▸ **Task brief**: Where the line containing "Rose Pink Silk" appears in the records below, begin there and repeat each line exactly through the final one, dropping all pictures.
START Task data
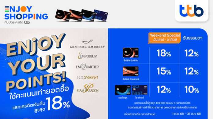 บัตรเครดิต ทีทีบี จัดแคมเปญ “Points Mania” มอบสิทธิพิเศษสำหรับผู้ถือบัตรเครดิต ทีทีบี บัตรเครดิต ทีเอ็มบี และบัตรเครดิต ธนชาต รับเครดิตเงินคืนสูงสุด 18% เมื่อใช้คะแนนสะสมแลกเท่ายอดใช้จ่าย สำหรับบัตรเครดิตประเภทที่มีคะแนนสะสม เมื่อจับจ่ายสินค้าที่ 5 ศูนย์การค้าดัง ได้แก่ Central Embassy, The Emporium & The EmQuartier, ICONSIAM และ Siam Paragon ยกเว้นรายการใช้จ่ายในแผนกซูเปอร์มาร์เก็ต ห้างสรรพสินค้า และรายการผ่อนชำระ ระหว่างวันที่ 1 กันยายน 2565–31 ตุลาคม 2565
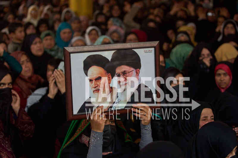 A Shiite Muslim woman holds a picture of Iran's Supreme Leaders, Ayatollah Ruhollah Khomeini and Ayatollah Ali Khamenei, during a protest against the killing of Ayatollah Ali Khamenei, in Budgam, northeast of Srinagar, Indian controlled Kashmir, Friday, March 6, 2026. (AP Photo/Dar Yasin)
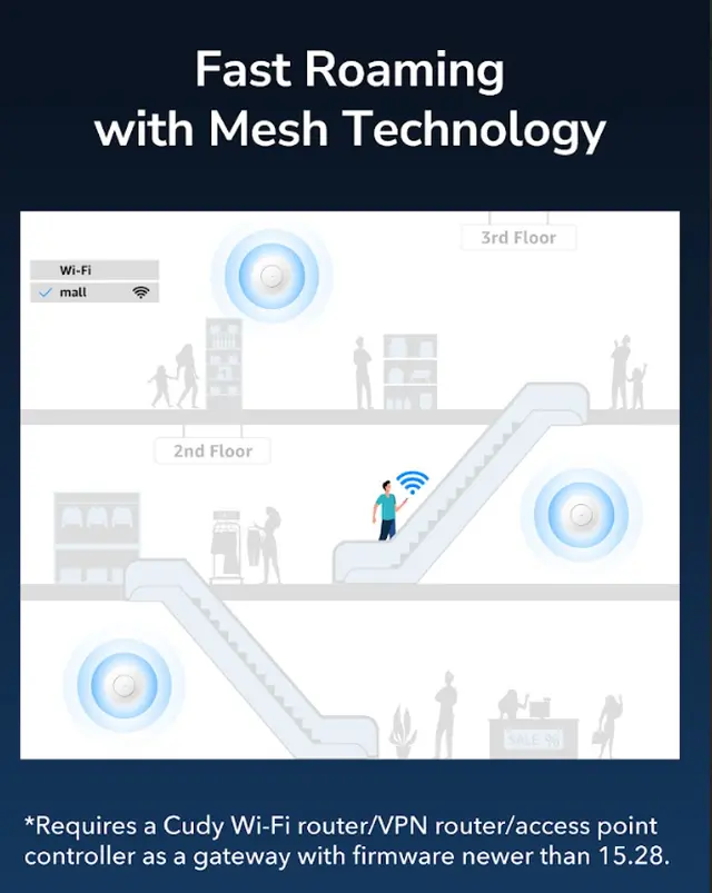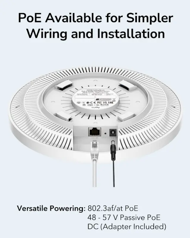A wall/ceiling-mounted WiFi 6 AP, featuring large RAM and shielded 2.5G ports, designed for connecting transportation hubs, hotels, offices, lecture halls, and classrooms.
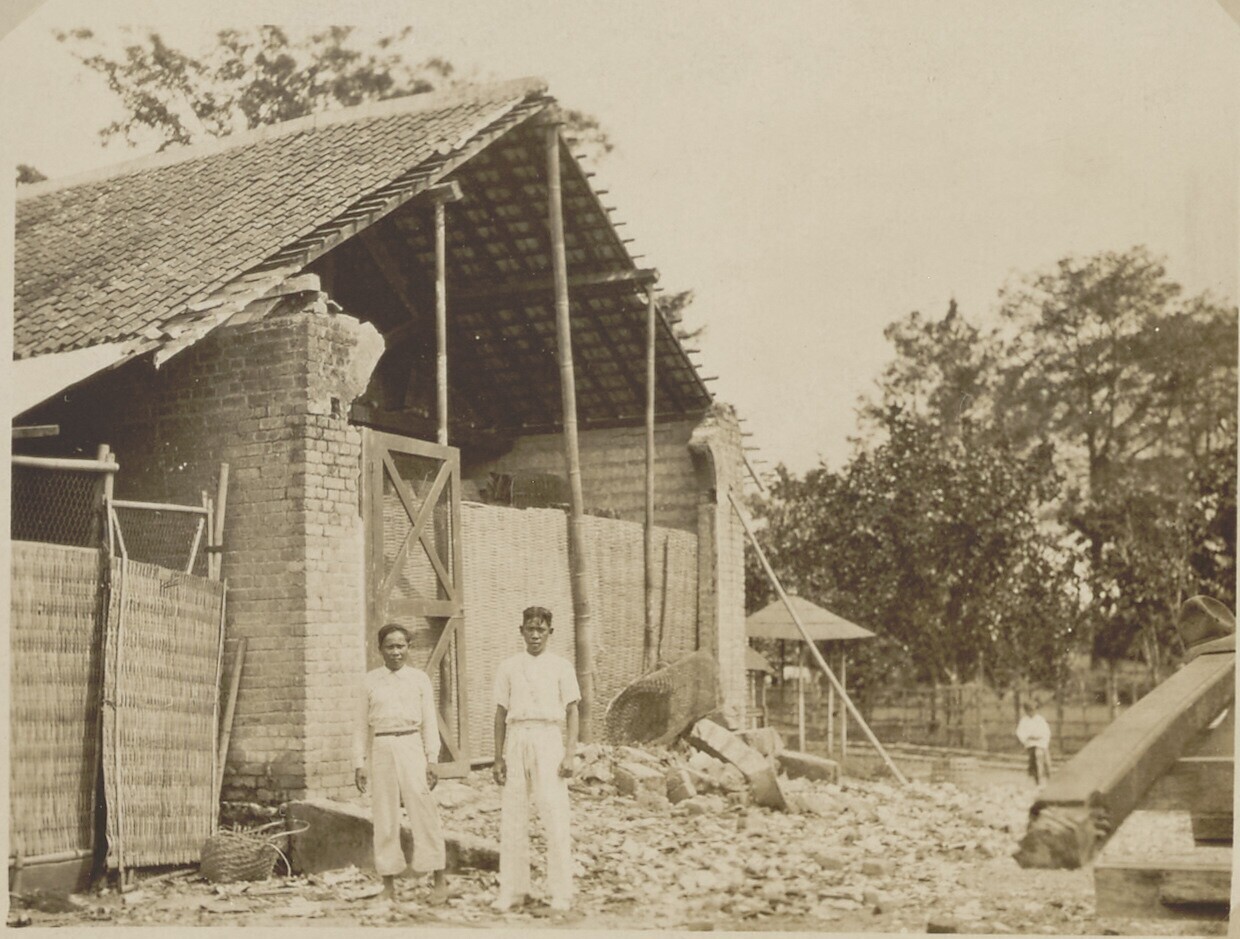 De schade na de aardbeving van november 1924 in Wono...
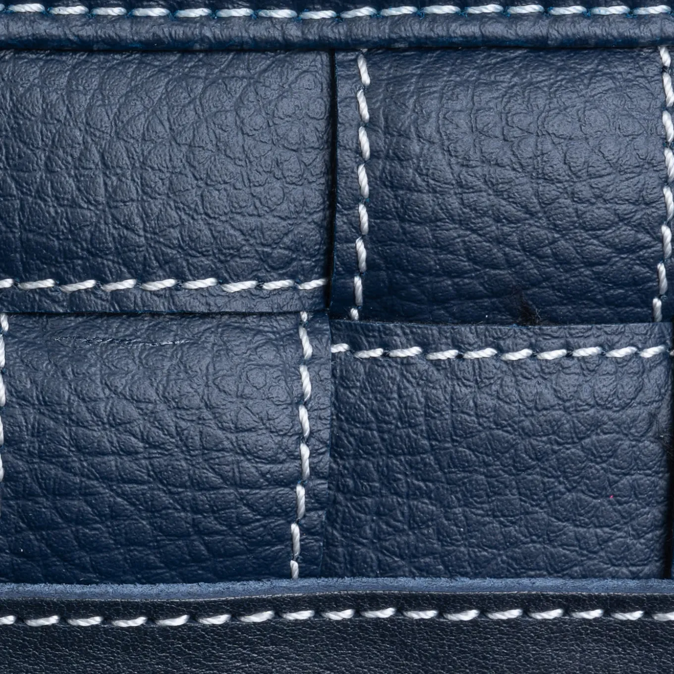 Perfetto complemento per interni raffinati in tonalità navy, questo vide-poche esemplifica l’eleganza sartoriale con il suo intrigante disegno reticolare ottenuto annodando fasce di ecopelle blu. Raccogliere chiavi, monete o conservare l’essenziale per la notte sono solo alcuni degli usi che suggerisce con il suo design compatto e funzionale, completato da un fondo rigido. Le cuciture a contrasto sottolineano la consistenza di questo pezzo esclusivo, disponibile anche in diverse varianti di colore e dimensioni.
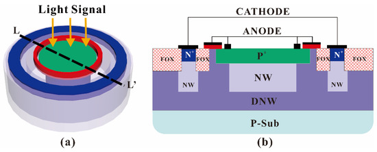 The three-dimensional structure and cross-section of the high-detection-efficiency photodiode device are shown in Figure 1a,b, respectively. The N+ ring injection regions on the left and right sides of the HDEPD are the cathode of the device, and the P+ ring injection region and the polysilicon ring gate in the middle are the anode of the device. When the potential difference between the cathode and anode of the device is greater than the avalanche breakdown threshold of P+/NW, the HDEPD operates in Geiger mode. At this time, the photon signal with an energy greater than the band gap of silicon material is incident on the avalanche multiplication region, and the electrons in the valence band of the device will absorb the photon energy to generate energy level transition, forming free electron–hole pairs. Under the excitation of the avalanche multiplication effect, the photogenerated carriers will continue to collide with the lattice, breaking the covalent bond and resulting in the originally fixed valence electrons becoming free electrons. Through the above reciprocating process, the device can realize the macroscopic current response under the incident condition of one photon.
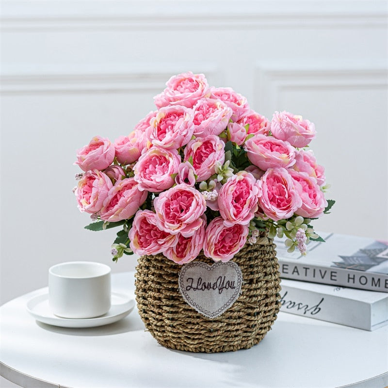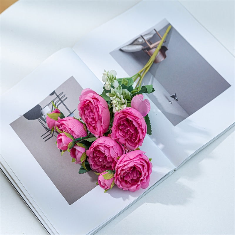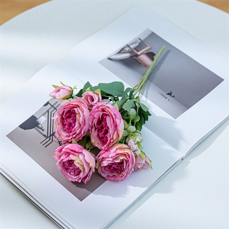 Rose Pink Silk Peony Artificial Flowers Bouquet
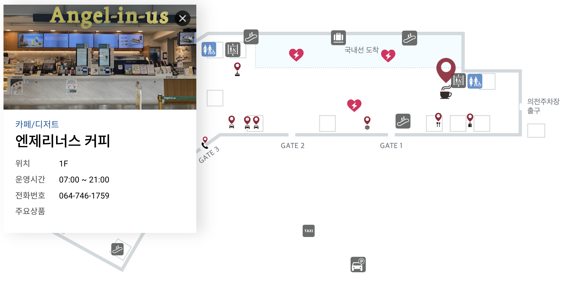 제주 공항에는 다양한 편의 시설들이 준비되어 있다. 그렇지만 상대적으로 조용하고 사람이 없는 곳을 찾는다면 1층의 엔젤리너스 카페를 이용하면 좋다. 약간은 구석진 곳에 있기 때문에 사람들이 잘 알지 못해서 조용하다.
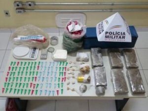 Durante operação, os militares foram até a casa da suspeita, onde encontraram sete tabletes de maconha, 17 porções de crack, um tablete de pasta base de pasta base e 100 pinos de cocaína, outros pinos vazios e com adesivo, e duas balanças de precisão.
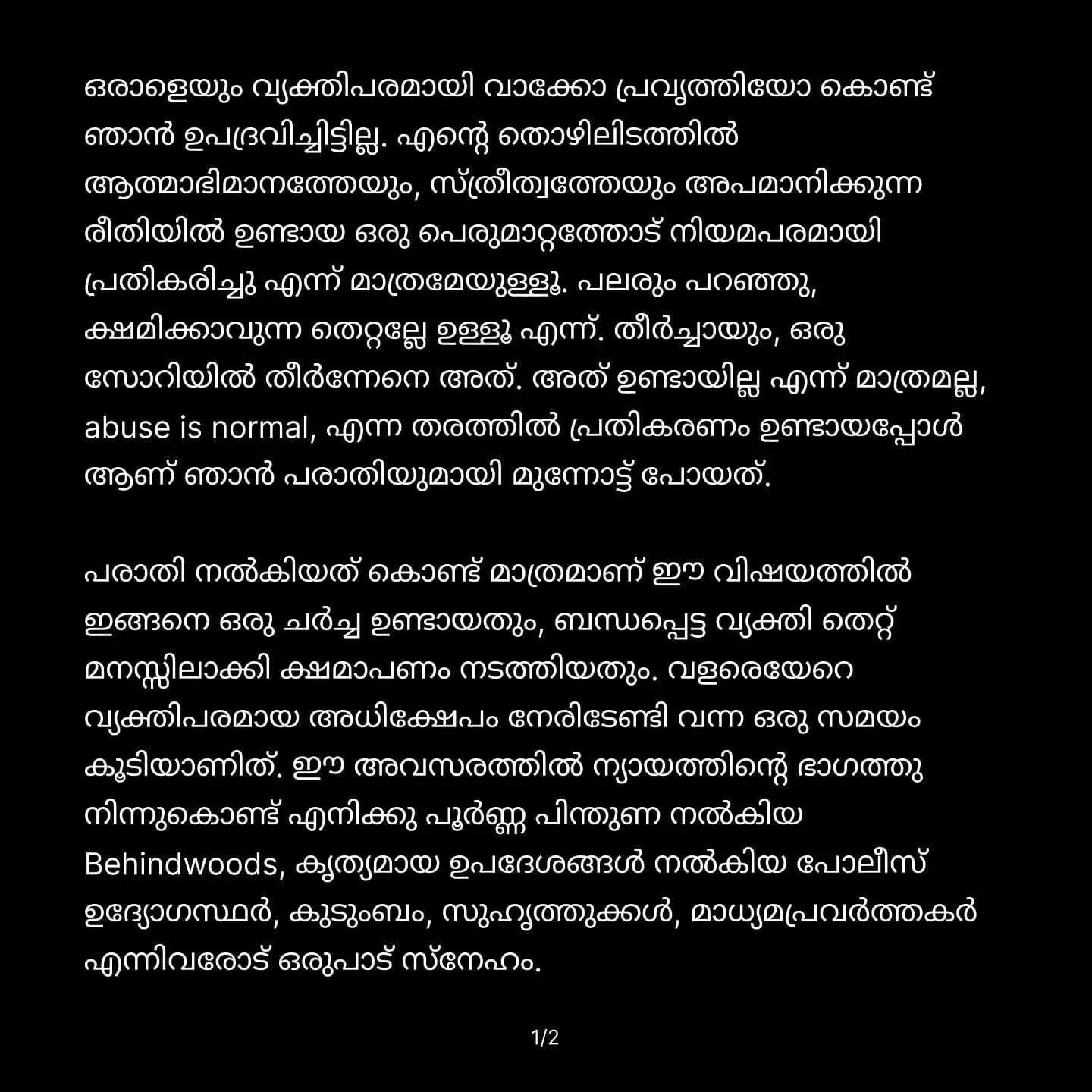 ഒരാളെയും വ്യക്തിപരമായി വാക്കോ പ്രവൃത്തിയോ കൊണ്ട് ഞാൻ ഉപവിച്ചിട്ടില്ല. എന്റെ തൊഴിലിടത്തിൽ ആത്മാഭിമാനത്തെയും, സ്ത്രീത്വത്തെയും അപമാനിക്കുന്ന രീതിയിൽ ഉണ്ടായ ഒരു പെരുമാറ്റത്തോട് നിയമപരമായി പ്രതികരിച്ചു എന്ന് മാത്രമേയുള്ളു. പലരും പറഞ്ഞു. ക്ഷമിക്കാവുന്ന തെറ്റല്ലേ ഉള്ളൂ എന്ന് തീർച്ചായും, ഒരു സോറിയിൽ തീർന്നേനെ അത്. അത് ഉണ്ടായില്ല എന്ന് മാത്രമല്ല, abuse is normal എന്ന തരത്തിൽ പ്രതികരണം ഉണ്ടായപ്പോൾ ആണ് ഞാൻ പരാതിയുമായി മുന്നോട്ട് പോയത്.
END Task data
▸ **Problem solution**:
 Rose Pink Silk Peony Artificial Flowers Bouquet
 제주 공항에는 다양한 편의 시설들이 준비되어 있다. 그렇지만 상대적으로 조용하고 사람이 없는 곳을 찾는다면 1층의 엔젤리너스 카페를 이용하면 좋다. 약간은 구석진 곳에 있기 때문에 사람들이 잘 알지 못해서 조용하다.
 Durante operação, os militares foram até a casa da suspeita, onde encontraram sete tabletes de maconha, 17 porções de crack, um tablete de pasta base de pasta base e 100 pinos de cocaína, outros pinos vazios e com adesivo, e duas balanças de precisão.
 ഒരാളെയും വ്യക്തിപരമായി വാക്കോ പ്രവൃത്തിയോ കൊണ്ട് ഞാൻ ഉപവിച്ചിട്ടില്ല. എന്റെ തൊഴിലിടത്തിൽ ആത്മാഭിമാനത്തെയും, സ്ത്രീത്വത്തെയും അപമാനിക്കുന്ന രീതിയിൽ ഉണ്ടായ ഒരു പെരുമാറ്റത്തോട് നിയമപരമായി പ്രതികരിച്ചു എന്ന് മാത്രമേയുള്ളു. പലരും പറഞ്ഞു. ക്ഷമിക്കാവുന്ന തെറ്റല്ലേ ഉള്ളൂ എന്ന് തീർച്ചായും, ഒരു സോറിയിൽ തീർന്നേനെ അത്. അത് ഉണ്ടായില്ല എന്ന് മാത്രമല്ല, abuse is normal എന്ന തരത്തിൽ പ്രതികരണം ഉണ്ടായപ്പോൾ ആണ് ഞാൻ പരാതിയുമായി മുന്നോട്ട് പോയത്.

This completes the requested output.